Stored records
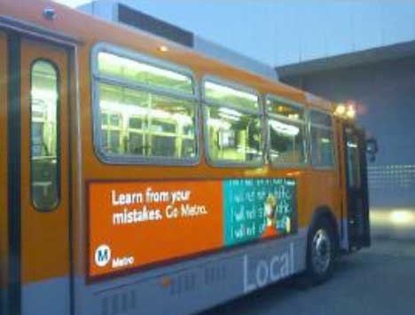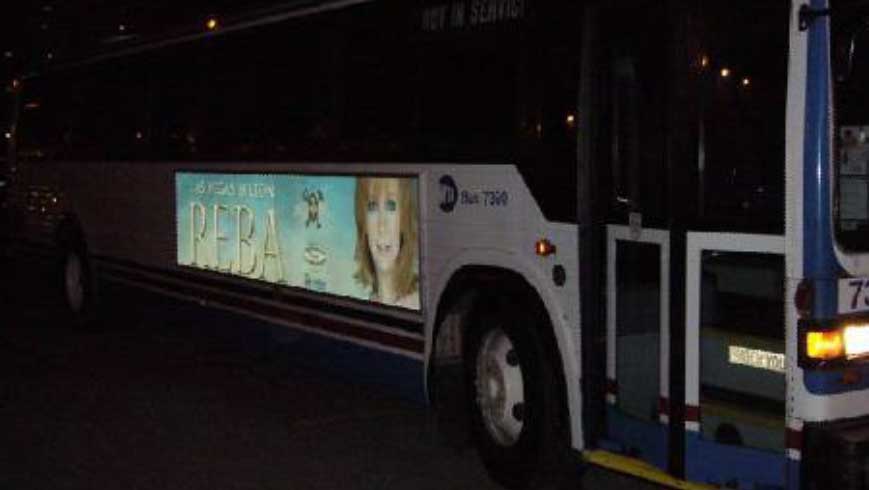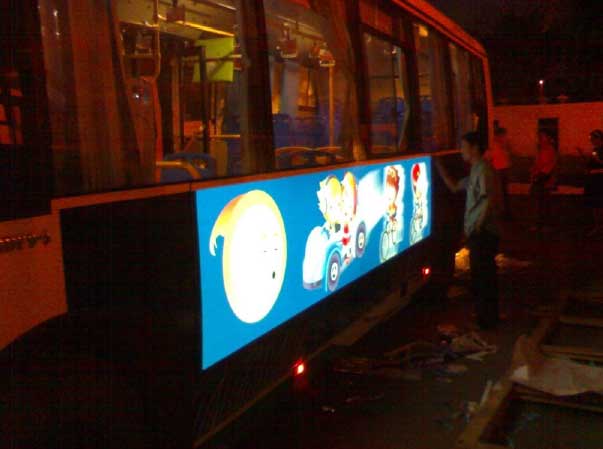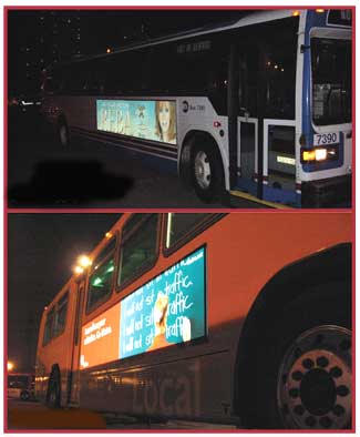 さまざまなバスの広告看板です。 夜間ひときわ目立ち印象的です。
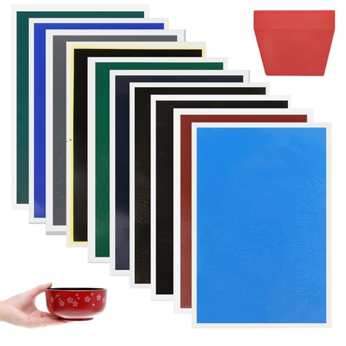 WANDGU Lasergravyr markeringspapper: 10 stycken färgpapper för lasergravyrmaskin, keramiskt laserpapper färggravyrpapper med skrapa, 10 färger lasertryckpapper för gravering för gör-det-själv hantverk
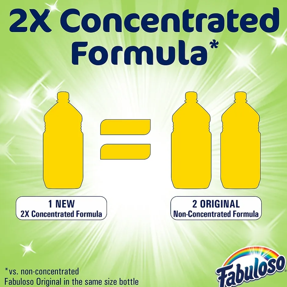 - 1 bottle of 2X Concentrated Formula = 2 bottles of Original (Non-Concentrated) Formula Fabuloso® Multi-Purpose Cleaners
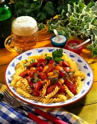 Arrange noodles and sausage goulash on plates. Sprinkle with parsley and garnish.
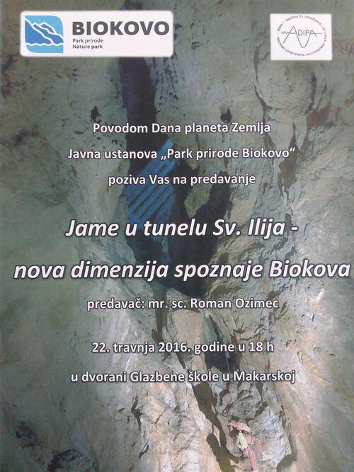 U povodu Dana planeta Zemlja Javna ustanova „Park prirode Biokovo" organizira predavanje mr.sc. Romana Ozimeca pod nazivom „Jame u tunelu Sv.Ilija – nova dimenzija spoznaje Biokova". Predavanje će se održati u prostorijama Glazbene škole u Makarskoj s početkom u 18 sati, 22. travnja 2016. godine.
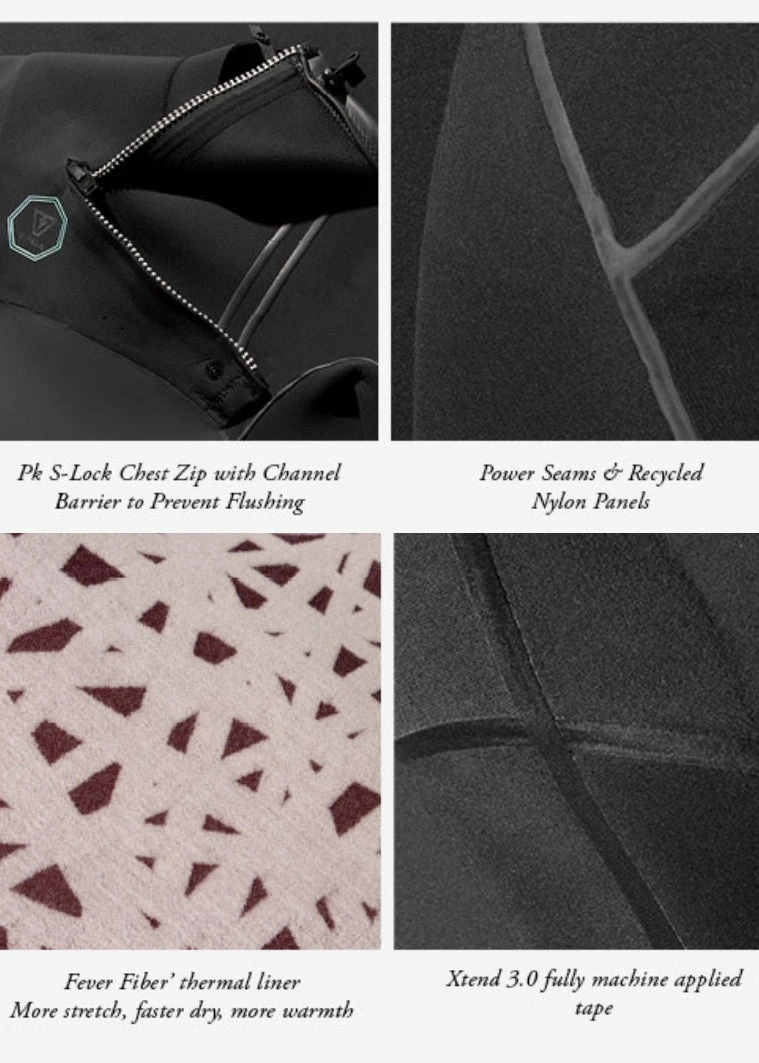 Completely redesigned for ease of entry and to maximize flexibility without losing warmth. Less panels to create even more stretch, comfort, warmth.

◆ **Activity**
Return every line above verbatim, pictures excluded.

◆ **Exercise solution**
 さまざまなバスの広告看板です。 夜間ひときわ目立ち印象的です。
 WANDGU Lasergravyr markeringspapper: 10 stycken färgpapper för lasergravyrmaskin, keramiskt laserpapper färggravyrpapper med skrapa, 10 färger lasertryckpapper för gravering för gör-det-själv hantverk
 - 1 bottle of 2X Concentrated Formula = 2 bottles of Original (Non-Concentrated) Formula Fabuloso® Multi-Purpose Cleaners
 Arrange noodles and sausage goulash on plates. Sprinkle with parsley and garnish.
 U povodu Dana planeta Zemlja Javna ustanova „Park prirode Biokovo" organizira predavanje mr.sc. Romana Ozimeca pod nazivom „Jame u tunelu Sv.Ilija – nova dimenzija spoznaje Biokova". Predavanje će se održati u prostorijama Glazbene škole u Makarskoj s početkom u 18 sati, 22. travnja 2016. godine.
 Completely redesigned for ease of entry and to maximize flexibility without losing warmth. Less panels to create even more stretch, comfort, warmth.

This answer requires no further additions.